BEGIN Data extract

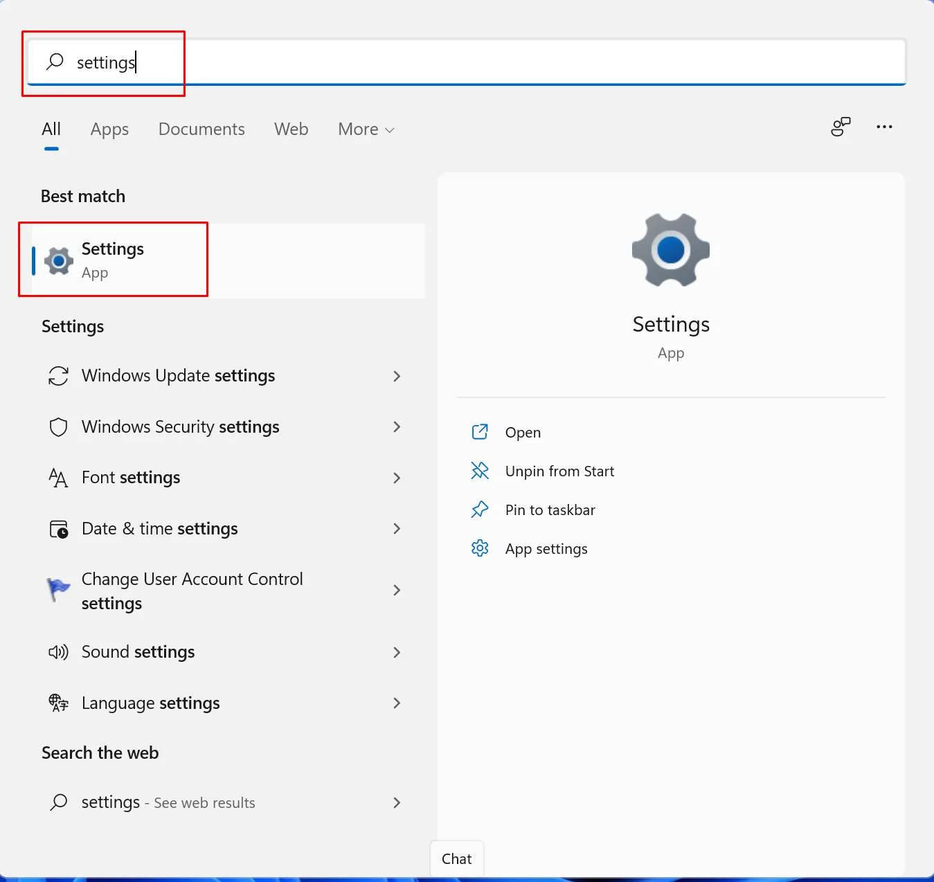 - Now type settings and Press Enter Key.
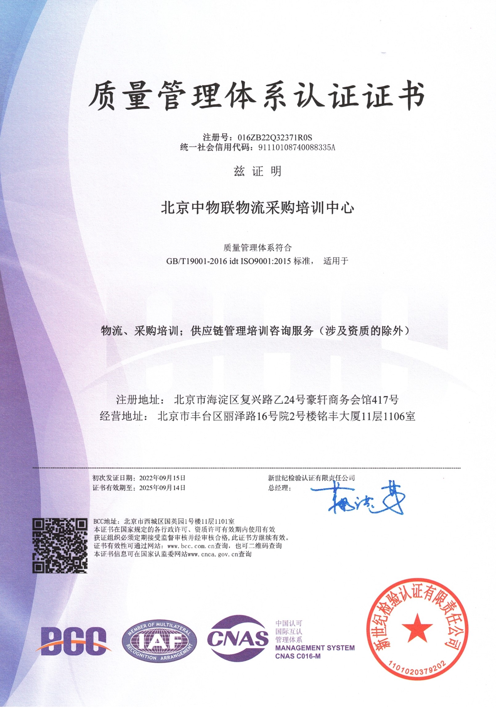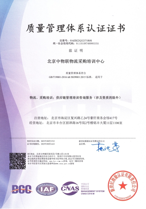 近日,北京中物聯物流采購培訓中心(以下簡稱北京中物聯)通過了ISO9001質量管理體系認證,認證范圍包括物流、采購培訓、供應鏈管理培訓咨詢服務等。北京中物聯是首個通過ISO9001質量管理體系認證的國家級行業協會培訓中心,這標志著北京中物聯在物流、采購與供應鏈培訓認證領域的管理體系上達到了國際標準,在質量管理、系統建設和規范化管理等方面取得了新進展。未來北京中物聯將繼續為行業提供更好的培訓認證產品與服務。
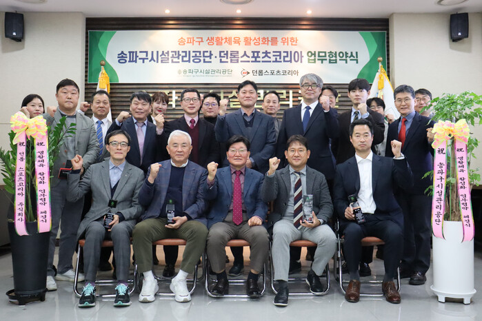 [시민일보 = 이대우 기자] 송파구시설관리공단(이사장 황대성)은 지난 1월10일에 던롭스포츠코리아(주)(이하“던롭”이라 한다) 홍순성 대표와 송파구 테니스 생활체육 활성화를 위한 공동협력 업무협약(MOU)식을 가졌다.
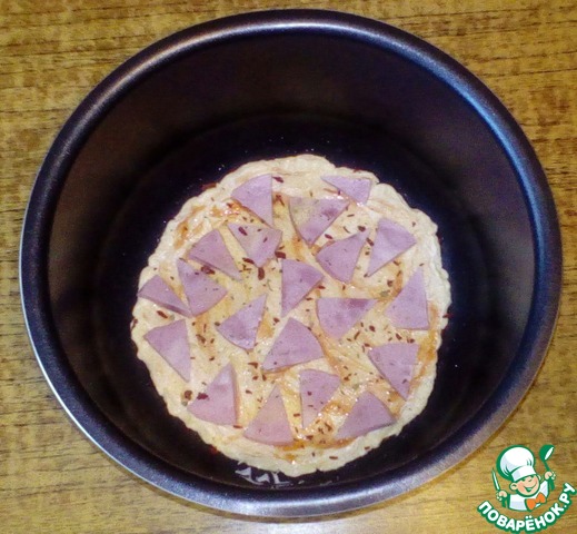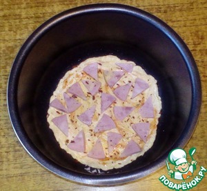 Теперь включаем мультиварку на режим "Пицца" и выпекаем до готовности.
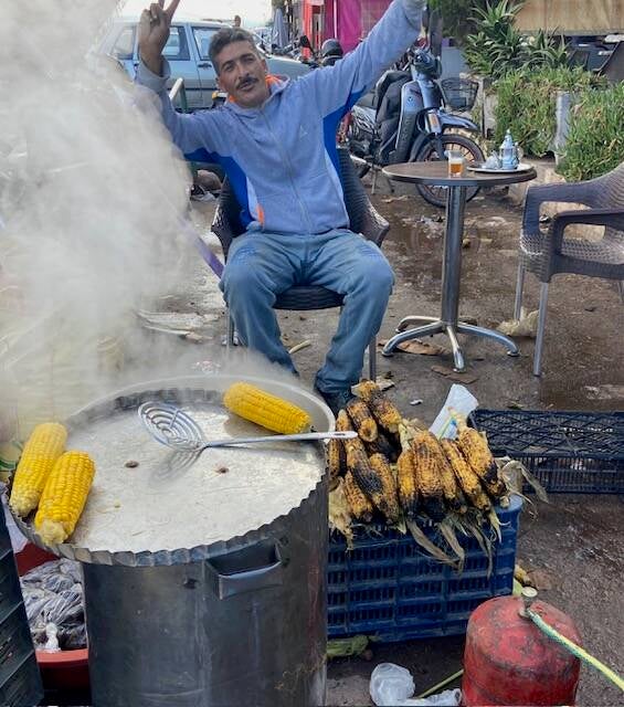 Na opnieuw wat motregen vanmiddag ben ik in mijn eentje gaan wandelen en kreeg de vraag van Hamza, een jonge knaap hier uit het dorp die op een bankje aan zee zat, of ik soms een trekje van een joint wilde. Dankjewel ,maar wel een aardig gesprek gehad over de jaren 70 en de hippies die in die tijd die naar Marokko kwamen om te blowen. Ja, wij waren ook in 1972 voor het eerst in Marokko , ook niet alleen voor de tajine.
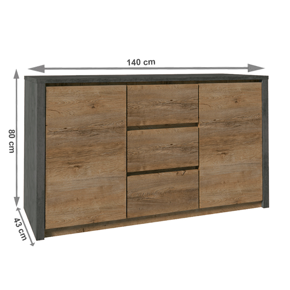 Comodă, stejar lefkas închis/gri, MONTANA K2DP
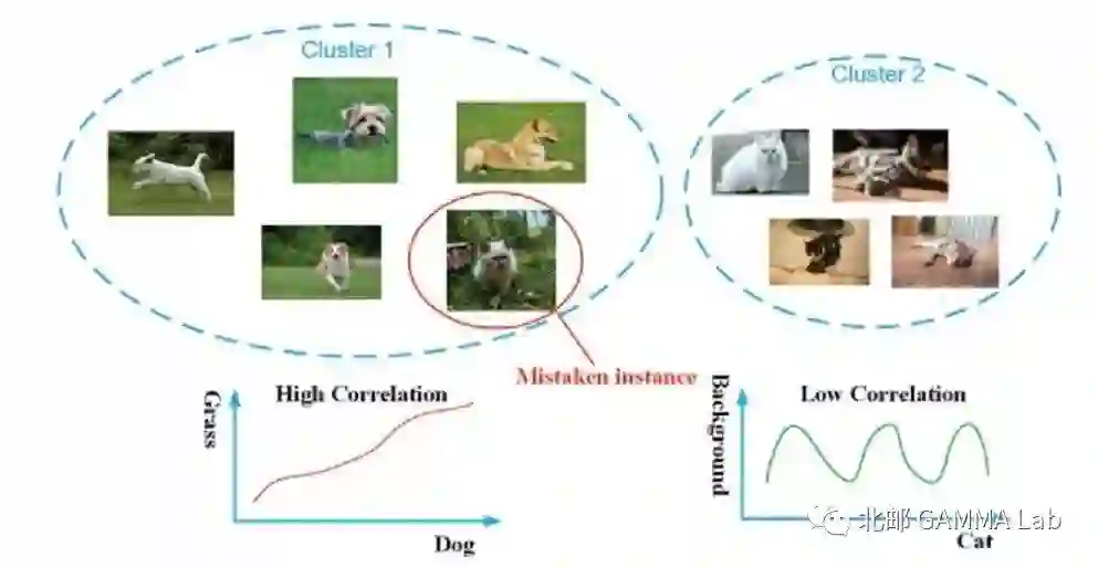 尽管在神经网络中去相关性取得了巨大的成功,但是在无人监督的学习场景中,数据选择偏差的影响被严重低估了。通常,聚类也会遭受数据选择偏差问题。数据选择偏差可能会导致特征之间的虚假关联。假设一个虚假的特征被错误地识别为与一个重要的特征相关联,由于存在虚假相关,这种无意义的特征的作用将在不知不觉中得到增强,从而使固有的数据分布无法得到揭示。因此,对这些数据进行聚类将不可避免地导致性能下降。如图1中所示,给定一个图像数据集,其中有很多狗在草地上,有一些猫在各种背景下,很容易得出结论,草的特征与狗的特征高度相关,而猫的特征与与背景的相关性较低。因此,在对这种有偏向的数据集执行聚类算法时,草地上的任何对象(甚至是猫)都将很有可能被聚类到狗类。这意味着由于特征之间存在虚假相关性,很容易误导聚类算法。
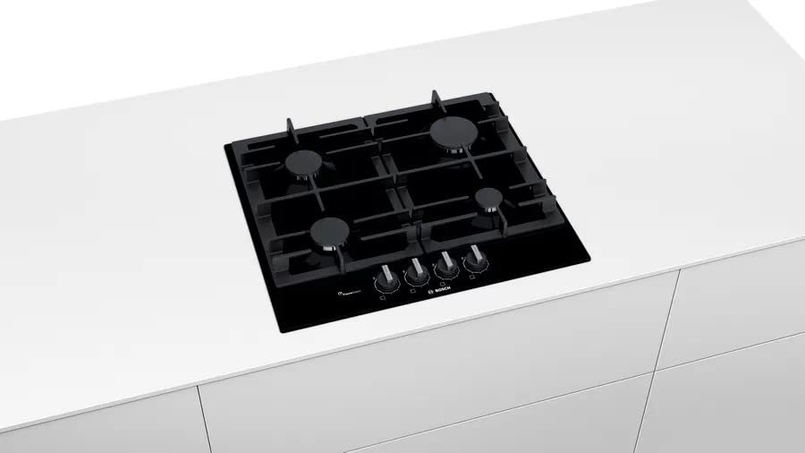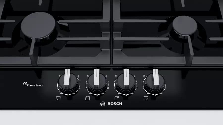 BOSCH - موقد غاز سلسلة 6 مقاس 60 سم من بوش - ستيل مطلي بالمينا - 4 شعلات - مقلاة تدعم الحديد الزهر الطويل مع أقدام مطاطية - تسعة مستويات طاقة محددة بدقة - صُنع في إسبانيا - بدون اطار
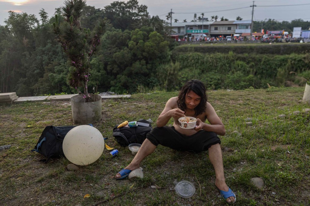 2025年5月6日,南投,香灯脚在享用晚餐,预备休息。摄:陈焯煇/端传媒
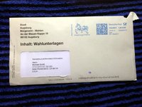 Also zückten Michael und ich die Kugelschreiber, um unsere Kreuze zu machen, und tüteten alles wieder in die entsprechenden farbigen Briefumschläge ein. Dabei kommt der Wahlzettel in einen anonymen Umschlag, den man zupappt und in den Rückumschlag steckt. Das stellte sich bei den Augsburger Wahlunterlagen als schwierig heraus, da der Rückumschlag genauso groß wie der Wahlumschlag war! Die Münchner hatten die Umschläge so dimensioniert, dass der kleine Wahlumschlag in den etwas größeren Rückumschlag passte.
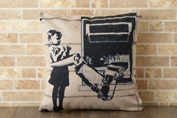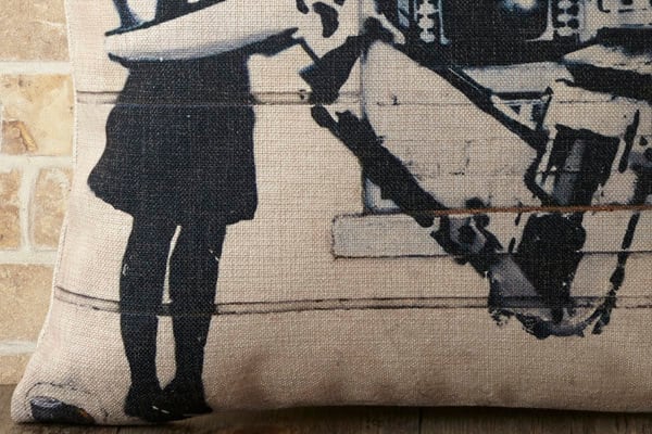 Banksy (バンクシー) デザイン クッションカバー。
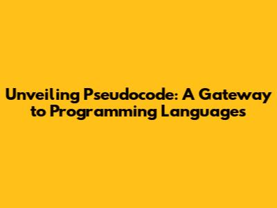 Unveiling Pseudocode: A Gateway To Programming Languages
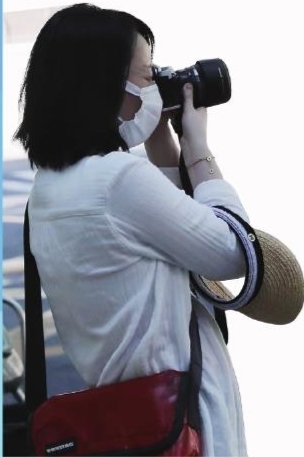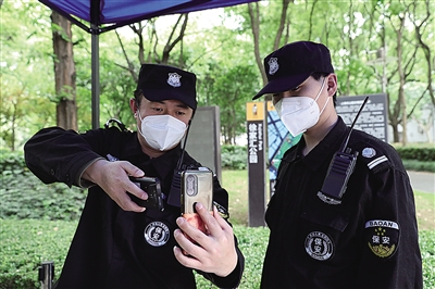 (3) 5月23日,在徐家汇公园,保安队长王文文(左)正在给队员讲解“数字哨兵”的正确使用方法。
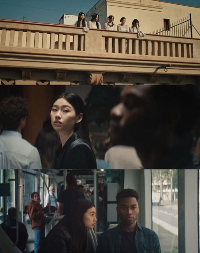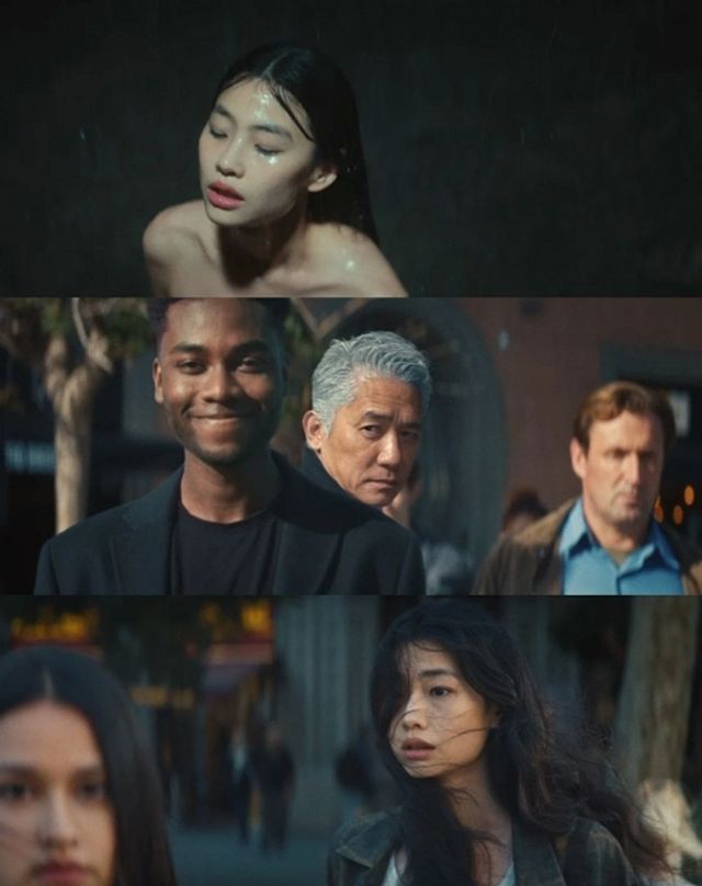 우선 뉴진스는 수호 천사로 등장한다. 이들의 시선 끝에는 에로스로 분한 정호연이 있다. 그가 에로스라는 것은 빗속에서 우산을 쓰고 등장해 여러 인간들을 따라다니며 사랑을 이어주는 장면에서 알 수 있다.
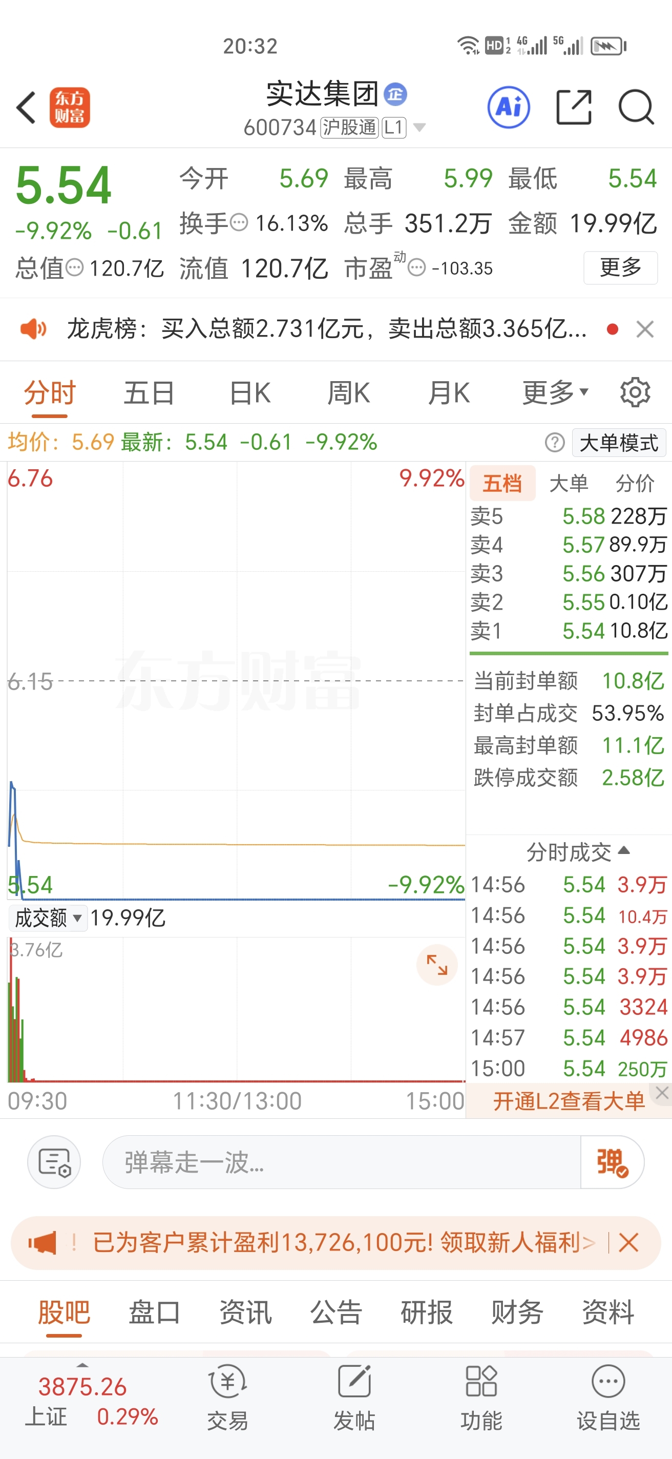 $实达集团(SH600734)$ 10亿封单,还有人唱多,想想下周几出来吧。唉。10亿是真金白银,有钱人没有哪个是蠢子。散户唱多,10亿金主在卖。不知谁对谁错。

END Data extract

### Exercise
Please output, exactly as written, the lines above from the one holding "Na opnieuw wat" through the one holding "2025年5月6日,南投,香灯脚在享用晚餐,预备休息。摄:陈焯煇/端传媒", both included, with the pictures omitted.

### Response for this exercise
 Na opnieuw wat motregen vanmiddag ben ik in mijn eentje gaan wandelen en kreeg de vraag van Hamza, een jonge knaap hier uit het dorp die op een bankje aan zee zat, of ik soms een trekje van een joint wilde. Dankjewel ,maar wel een aardig gesprek gehad over de jaren 70 en de hippies die in die tijd die naar Marokko kwamen om te blowen. Ja, wij waren ook in 1972 voor het eerst in Marokko , ook niet alleen voor de tajine.
 Comodă, stejar lefkas închis/gri, MONTANA K2DP
 尽管在神经网络中去相关性取得了巨大的成功,但是在无人监督的学习场景中,数据选择偏差的影响被严重低估了。通常,聚类也会遭受数据选择偏差问题。数据选择偏差可能会导致特征之间的虚假关联。假设一个虚假的特征被错误地识别为与一个重要的特征相关联,由于存在虚假相关,这种无意义的特征的作用将在不知不觉中得到增强,从而使固有的数据分布无法得到揭示。因此,对这些数据进行聚类将不可避免地导致性能下降。如图1中所示,给定一个图像数据集,其中有很多狗在草地上,有一些猫在各种背景下,很容易得出结论,草的特征与狗的特征高度相关,而猫的特征与与背景的相关性较低。因此,在对这种有偏向的数据集执行聚类算法时,草地上的任何对象(甚至是猫)都将很有可能被聚类到狗类。这意味着由于特征之间存在虚假相关性,很容易误导聚类算法。
 BOSCH - موقد غاز سلسلة 6 مقاس 60 سم من بوش - ستيل مطلي بالمينا - 4 شعلات - مقلاة تدعم الحديد الزهر الطويل مع أقدام مطاطية - تسعة مستويات طاقة محددة بدقة - صُنع في إسبانيا - بدون اطار
 2025年5月6日,南投,香灯脚在享用晚餐,预备休息。摄:陈焯煇/端传媒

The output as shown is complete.